-- EXERCISE AIM --
Extract only the lines from the start of the entries below to the line with "12일(한국시각) 영국 일간지", inclusive; omit every picture.

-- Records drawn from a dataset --
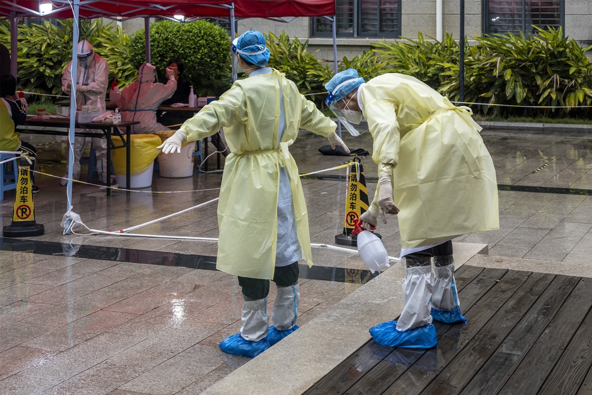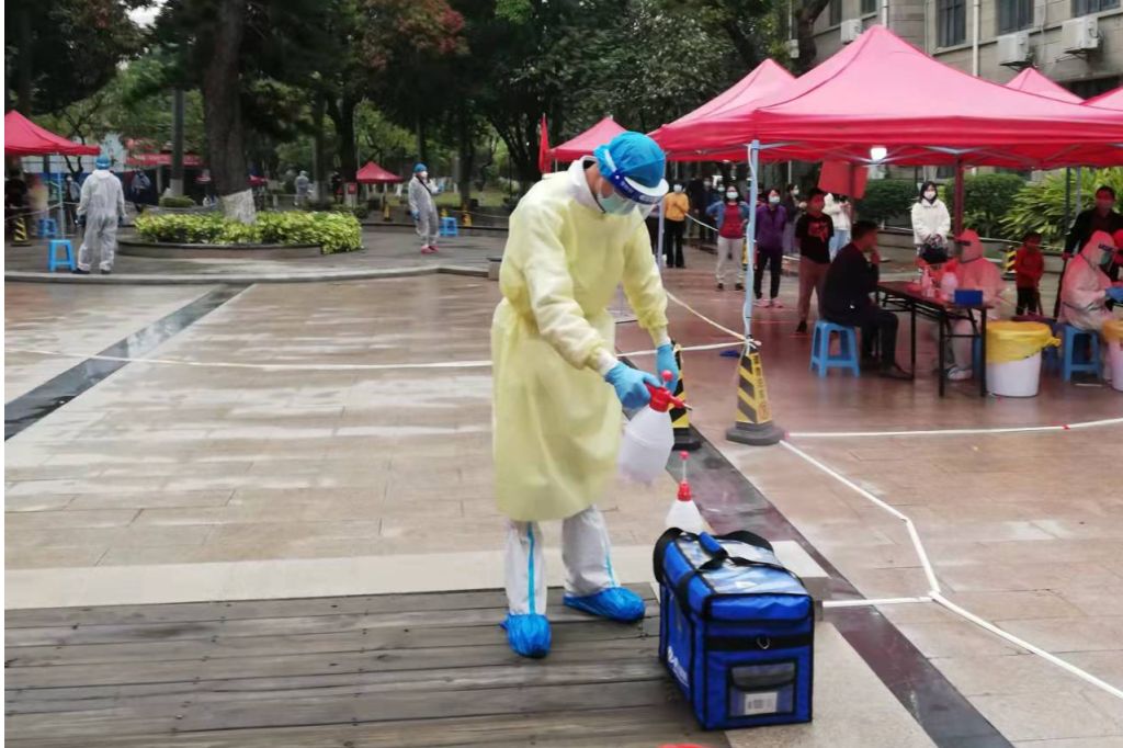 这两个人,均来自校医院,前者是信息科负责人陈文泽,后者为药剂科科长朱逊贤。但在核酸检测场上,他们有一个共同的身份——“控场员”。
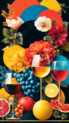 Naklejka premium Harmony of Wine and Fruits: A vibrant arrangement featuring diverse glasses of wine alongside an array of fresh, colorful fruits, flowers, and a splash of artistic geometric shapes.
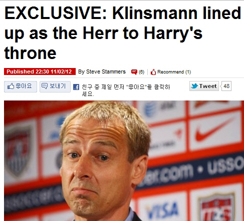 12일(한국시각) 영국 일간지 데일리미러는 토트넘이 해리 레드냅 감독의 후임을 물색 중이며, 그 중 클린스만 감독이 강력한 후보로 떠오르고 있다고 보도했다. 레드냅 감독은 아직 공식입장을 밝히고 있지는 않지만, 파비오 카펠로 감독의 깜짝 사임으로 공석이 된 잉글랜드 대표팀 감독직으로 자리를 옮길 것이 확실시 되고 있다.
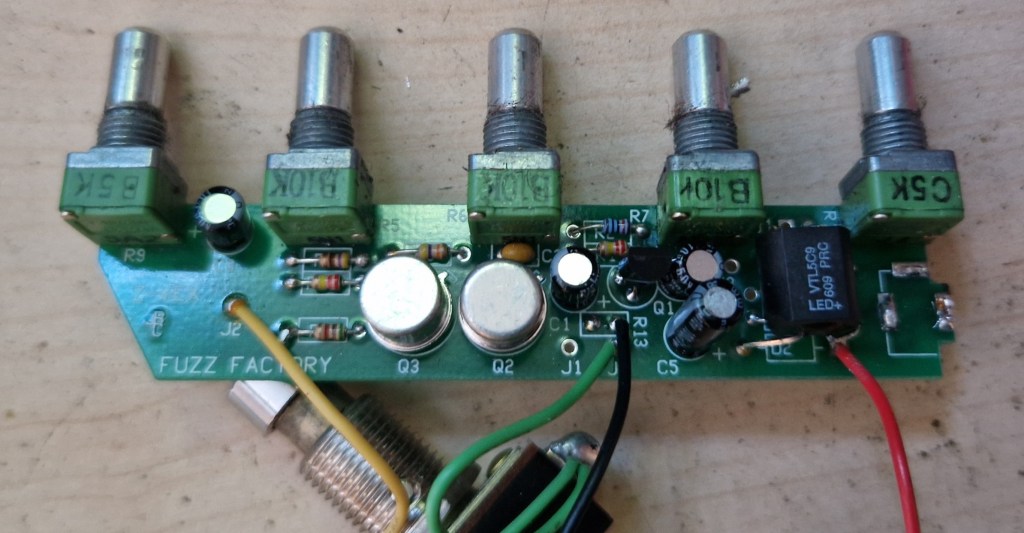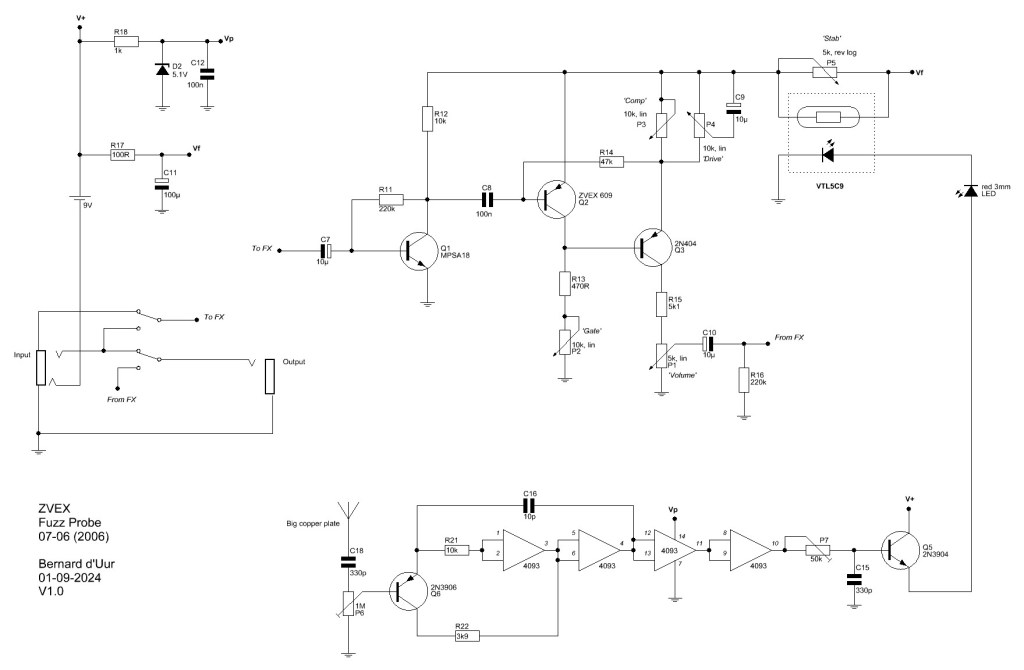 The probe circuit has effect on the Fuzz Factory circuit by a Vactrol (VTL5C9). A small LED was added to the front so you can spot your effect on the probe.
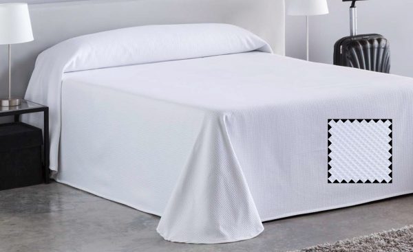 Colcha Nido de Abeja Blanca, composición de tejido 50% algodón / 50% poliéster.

-- ANSWER AREA --
 这两个人,均来自校医院,前者是信息科负责人陈文泽,后者为药剂科科长朱逊贤。但在核酸检测场上,他们有一个共同的身份——“控场员”。
 Naklejka premium Harmony of Wine and Fruits: A vibrant arrangement featuring diverse glasses of wine alongside an array of fresh, colorful fruits, flowers, and a splash of artistic geometric shapes.
 12일(한국시각) 영국 일간지 데일리미러는 토트넘이 해리 레드냅 감독의 후임을 물색 중이며, 그 중 클린스만 감독이 강력한 후보로 떠오르고 있다고 보도했다. 레드냅 감독은 아직 공식입장을 밝히고 있지는 않지만, 파비오 카펠로 감독의 깜짝 사임으로 공석이 된 잉글랜드 대표팀 감독직으로 자리를 옮길 것이 확실시 되고 있다.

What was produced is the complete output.